(Entries supplied begins)

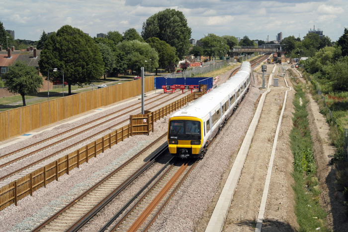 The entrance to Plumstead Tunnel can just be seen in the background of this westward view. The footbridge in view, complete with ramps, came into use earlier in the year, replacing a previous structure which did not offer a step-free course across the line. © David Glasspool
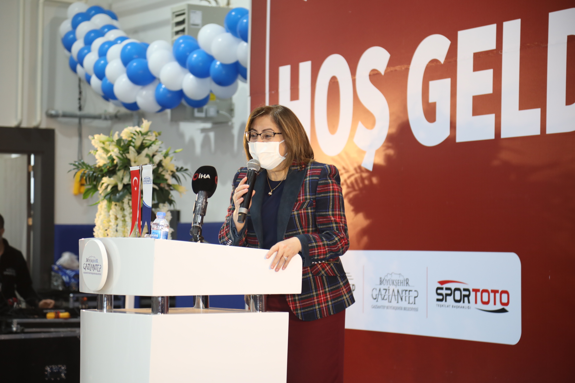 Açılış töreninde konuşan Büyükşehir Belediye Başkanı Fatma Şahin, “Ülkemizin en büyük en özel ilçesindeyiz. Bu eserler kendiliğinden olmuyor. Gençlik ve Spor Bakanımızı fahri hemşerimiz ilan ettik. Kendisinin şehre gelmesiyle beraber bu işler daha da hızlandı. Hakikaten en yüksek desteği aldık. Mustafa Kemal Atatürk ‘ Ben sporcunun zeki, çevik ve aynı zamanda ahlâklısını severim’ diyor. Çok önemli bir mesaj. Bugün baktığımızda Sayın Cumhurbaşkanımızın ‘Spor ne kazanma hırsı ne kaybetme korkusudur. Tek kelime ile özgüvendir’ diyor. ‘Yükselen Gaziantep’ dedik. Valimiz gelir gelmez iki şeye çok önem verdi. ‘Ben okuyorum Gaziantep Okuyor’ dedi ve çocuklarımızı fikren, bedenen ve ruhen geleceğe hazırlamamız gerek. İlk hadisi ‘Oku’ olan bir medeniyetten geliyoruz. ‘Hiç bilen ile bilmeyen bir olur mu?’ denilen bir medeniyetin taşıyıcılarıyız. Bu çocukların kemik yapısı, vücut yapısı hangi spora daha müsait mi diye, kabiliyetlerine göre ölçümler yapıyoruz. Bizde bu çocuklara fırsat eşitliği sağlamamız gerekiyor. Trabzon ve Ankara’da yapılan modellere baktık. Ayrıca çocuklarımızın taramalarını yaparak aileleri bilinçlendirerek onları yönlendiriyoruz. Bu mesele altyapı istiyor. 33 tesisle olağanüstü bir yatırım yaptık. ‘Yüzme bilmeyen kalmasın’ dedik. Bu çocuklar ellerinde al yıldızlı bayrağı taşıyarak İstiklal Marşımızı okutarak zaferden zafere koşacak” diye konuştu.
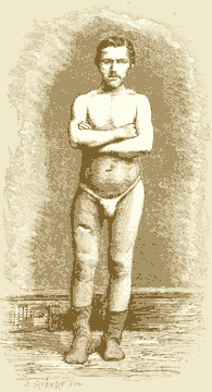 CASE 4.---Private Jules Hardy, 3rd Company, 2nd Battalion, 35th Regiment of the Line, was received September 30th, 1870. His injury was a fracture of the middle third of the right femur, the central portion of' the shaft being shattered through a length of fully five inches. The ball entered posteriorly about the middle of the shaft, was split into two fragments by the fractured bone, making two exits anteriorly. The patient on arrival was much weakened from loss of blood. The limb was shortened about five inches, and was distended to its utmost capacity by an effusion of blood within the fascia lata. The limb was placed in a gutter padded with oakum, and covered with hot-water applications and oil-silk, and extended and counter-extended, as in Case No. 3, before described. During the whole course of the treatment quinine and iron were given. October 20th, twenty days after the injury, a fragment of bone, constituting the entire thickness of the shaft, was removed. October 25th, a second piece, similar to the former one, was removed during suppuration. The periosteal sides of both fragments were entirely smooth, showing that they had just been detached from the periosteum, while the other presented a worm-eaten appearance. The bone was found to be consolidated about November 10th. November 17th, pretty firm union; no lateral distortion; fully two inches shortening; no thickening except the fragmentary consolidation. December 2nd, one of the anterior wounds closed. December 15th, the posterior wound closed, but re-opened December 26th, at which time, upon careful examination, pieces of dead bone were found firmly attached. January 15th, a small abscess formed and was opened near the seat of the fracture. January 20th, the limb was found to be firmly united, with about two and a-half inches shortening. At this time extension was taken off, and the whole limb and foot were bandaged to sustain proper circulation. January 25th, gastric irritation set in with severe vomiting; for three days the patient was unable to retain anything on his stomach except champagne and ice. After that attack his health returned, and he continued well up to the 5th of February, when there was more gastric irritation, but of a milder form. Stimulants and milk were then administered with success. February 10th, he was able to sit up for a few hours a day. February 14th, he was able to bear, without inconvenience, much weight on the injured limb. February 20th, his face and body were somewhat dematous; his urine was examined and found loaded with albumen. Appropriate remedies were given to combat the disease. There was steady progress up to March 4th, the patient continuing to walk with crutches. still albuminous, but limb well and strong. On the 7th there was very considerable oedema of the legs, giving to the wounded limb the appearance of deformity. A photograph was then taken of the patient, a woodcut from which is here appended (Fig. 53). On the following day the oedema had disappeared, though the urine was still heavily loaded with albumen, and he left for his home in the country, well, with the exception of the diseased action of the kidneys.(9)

(Entries supplied ends)
(Entries supplied begins)

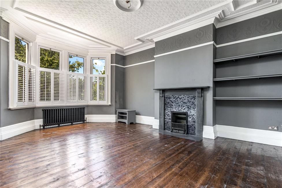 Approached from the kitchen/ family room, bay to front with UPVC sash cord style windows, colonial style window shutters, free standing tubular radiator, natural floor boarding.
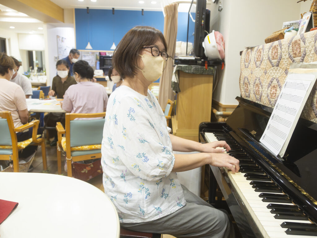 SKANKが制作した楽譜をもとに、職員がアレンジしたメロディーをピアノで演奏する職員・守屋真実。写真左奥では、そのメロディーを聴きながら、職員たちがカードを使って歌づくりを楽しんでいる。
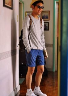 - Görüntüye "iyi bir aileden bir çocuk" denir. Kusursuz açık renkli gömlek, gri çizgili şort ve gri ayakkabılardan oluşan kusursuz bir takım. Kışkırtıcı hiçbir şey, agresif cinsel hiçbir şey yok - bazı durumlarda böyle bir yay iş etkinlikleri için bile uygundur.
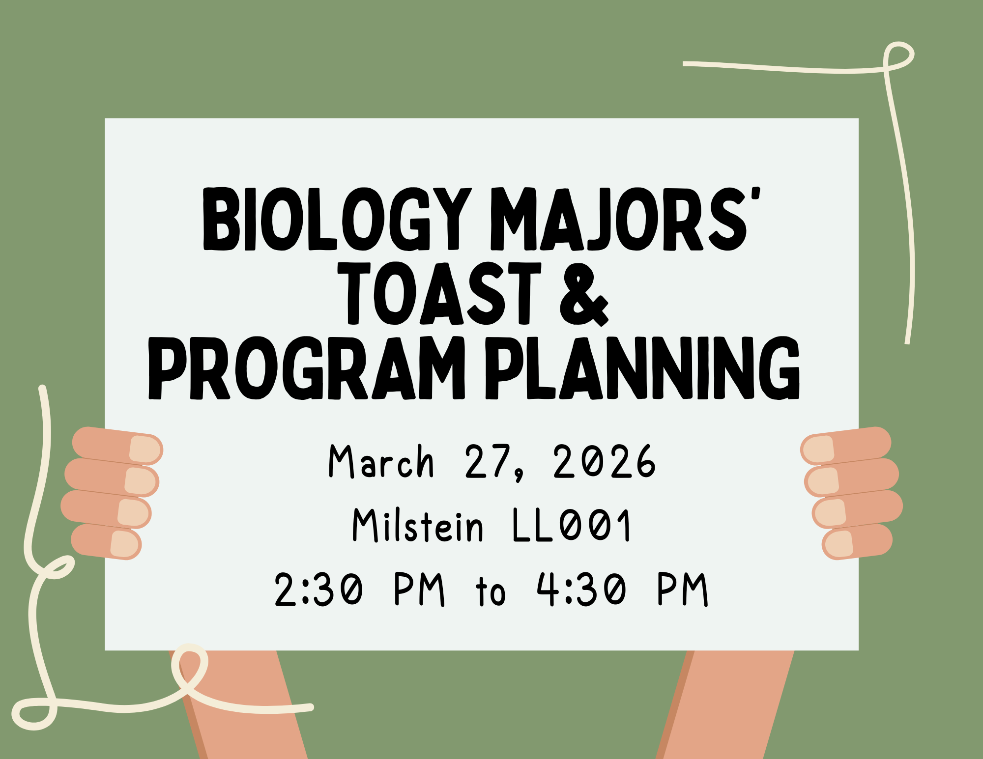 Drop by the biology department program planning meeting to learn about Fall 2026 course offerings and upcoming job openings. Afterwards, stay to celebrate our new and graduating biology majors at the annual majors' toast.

(Entries supplied ends)

§ **Work item**:
Repeat only the stretch of data above that runs from the line with "için bile uygundur." to the line with "Drop by the". Keep both end lines; exclude pictures.

§ **The completed task**:
 - Görüntüye "iyi bir aileden bir çocuk" denir. Kusursuz açık renkli gömlek, gri çizgili şort ve gri ayakkabılardan oluşan kusursuz bir takım. Kışkırtıcı hiçbir şey, agresif cinsel hiçbir şey yok - bazı durumlarda böyle bir yay iş etkinlikleri için bile uygundur.
 Drop by the biology department program planning meeting to learn about Fall 2026 course offerings and upcoming job openings. Afterwards, stay to celebrate our new and graduating biology majors at the annual majors' toast.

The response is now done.